Lors d’un déplacement à Madrid, Miguel Herberg m’a ouvert la partie de ses archives qu’il conserve en Espagne (il lui reste à retrouver les traces d’autres archives laissées à Rome où il a longtemps vécu). Il m’en a même confié des pièces importantes, notamment les originaux de trois agendas utilisés au Chili en 1973 et 1974, ses cartes de presse établies au Chili, des documents photos sous forme papier ou numérique, les originaux de courriers qui lui ont été adressés par ses interlocuteurs et de nombreuses coupures de presse.

J’ai pu me convaincre, preuves irréfutables à l’appui, que les écrits et déclarations faites par Miguel Herberg sur son travail au Chili sont vrais pour l’essentiel (le « pour l’essentiel » implique donc de rectifier aussi quelques erreurs et affirmations de Miguel Herberg).

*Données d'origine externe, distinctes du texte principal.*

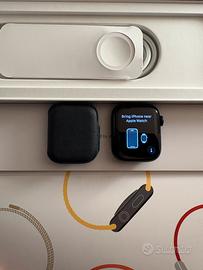 Vendo Apple Watch serie 7 con quadrante da 41 mm per passaggio a serie 11. Orologio perfettamente funzionante. Vendo con cinturino originale (2 taglie), cinturini aggiuntivi e 2 copri quadranti. Scatola originale con caricatore e protezione quadrante in tessuto.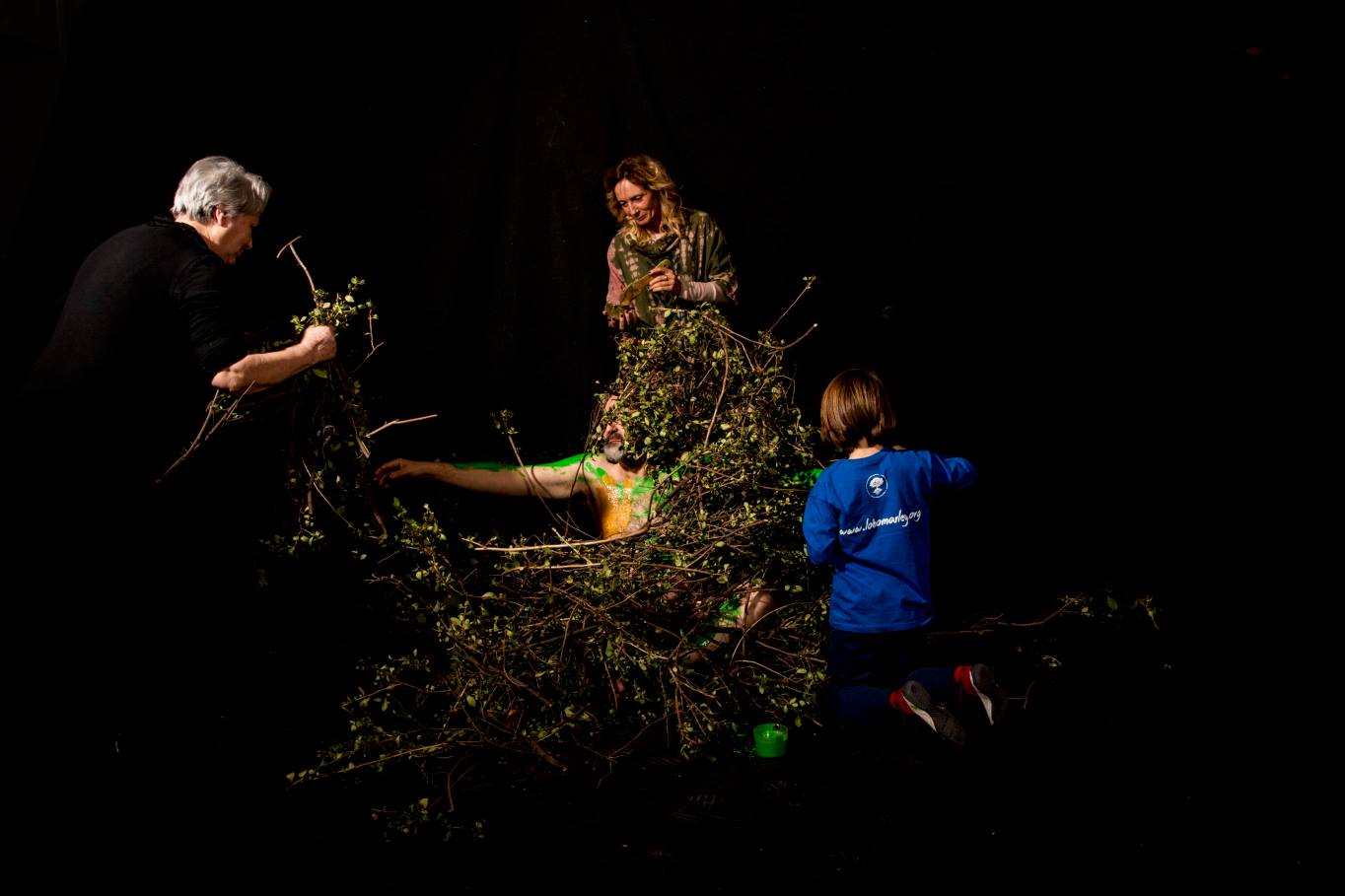 Una vez sentado, los padres y el público asistente han empezado a pintarle y a crear un bosque alrededor de él al ritmo de la BSO de La Misión compuesta por Ennio Morricone. Sin prisas han terminado su cometido y se han sentado alrededor de “la naturaleza”. Al mismo tiempo ha empezado a sonar el bosque: aves nocturnas, insectos, un río lejano… Y ha hablado Luis Miguel:

Sur certains points de l’histoire de l’Union populaire, du coup d’État et de la dictature, de la lutte contre la dictature, sur certains des acteurs qui y ont joué un rôle important, mes propres opinions et jugements sont parfois éloignés, et même opposés à ceux de Miguel Herberg. Ceci nous a valu des discussions vives.
Ceci ne change rien au constat qui s’impose : le caractère exceptionnel des reportages et interviews réalisés sous la direction de Miguel Herberg au Chili en 1973 et 1974, un travail exceptionnel que les institutions les plus officielles de la mémoire chilienne se sont entendues pour les attribuer à d’autres : d’abord à deux documentaristes de l’ex-RDA, Walter Heynowski et Gehrard Scheumann, deux imposteurs, et depuis peu au caméraman Peter Hellmich (lire, Peter Hellmich, le caméraman muet).

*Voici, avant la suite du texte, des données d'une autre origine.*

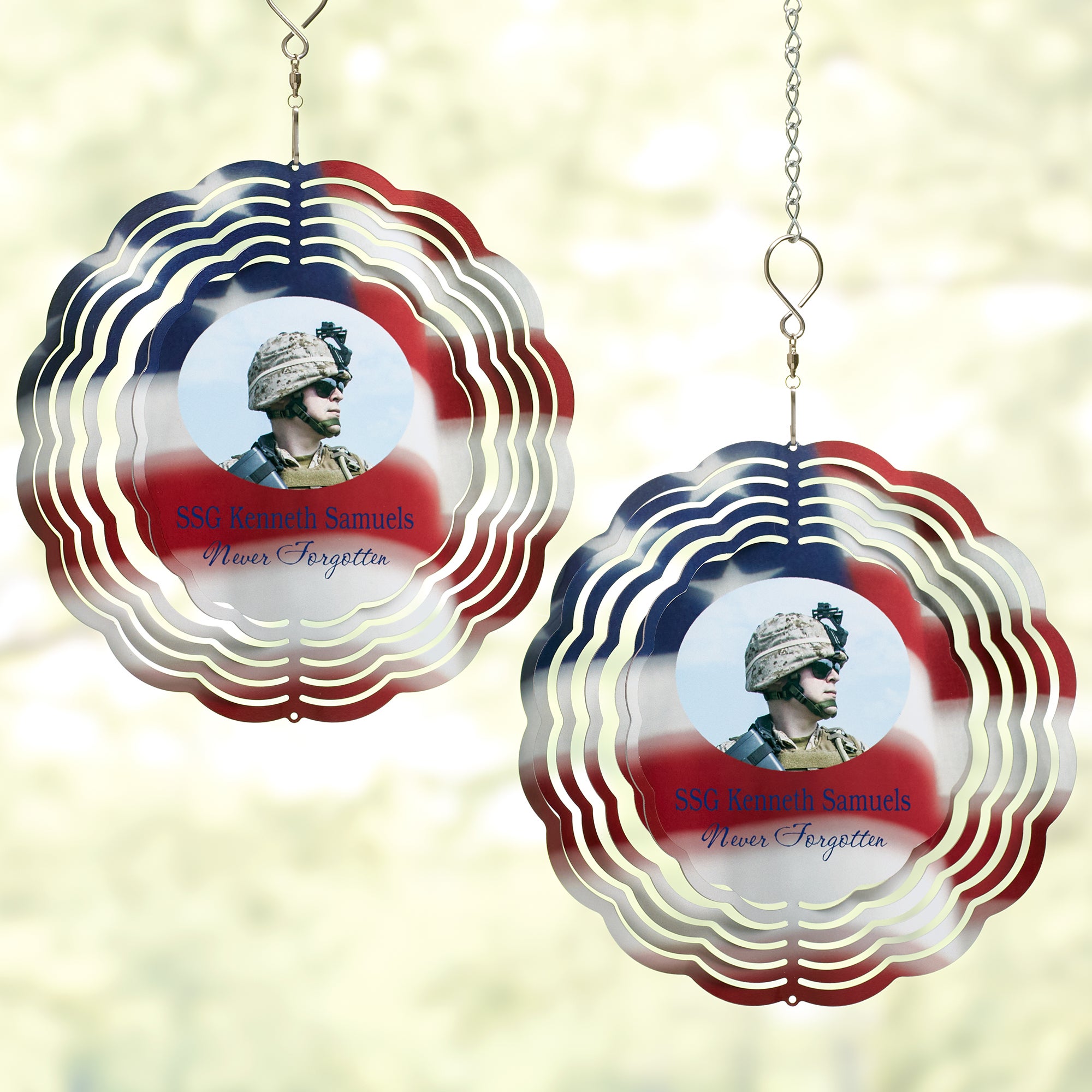 The American Flag and Photo Personalized Wind Spinner opens up into a beautiful piece of art that moves and spins in the wind. Hang outside in the garden or off of a porch and enjoy your photos as they catch the wind.

Aucun journaliste de l’audiovisuel, que ce soit parmi les journalistes chiliens ou les nombreux journalistes de la presse internationale audiovisuelle présents au Chili en 1973 et 1974, n’a à lui seul tourné autant de reportages et d’interviews aussi précieux pour rendre compte de l’histoire de cette période, aucun.
Seule une petite partie du travail de Miguel Herberg apparaît dans les films réalisés par le Studio Heynowski & Scheumann. Je pense vraisemblable que le reste, ou au moins une grande partie, est toujours dans des archives en Allemagne. Il faut les rechercher.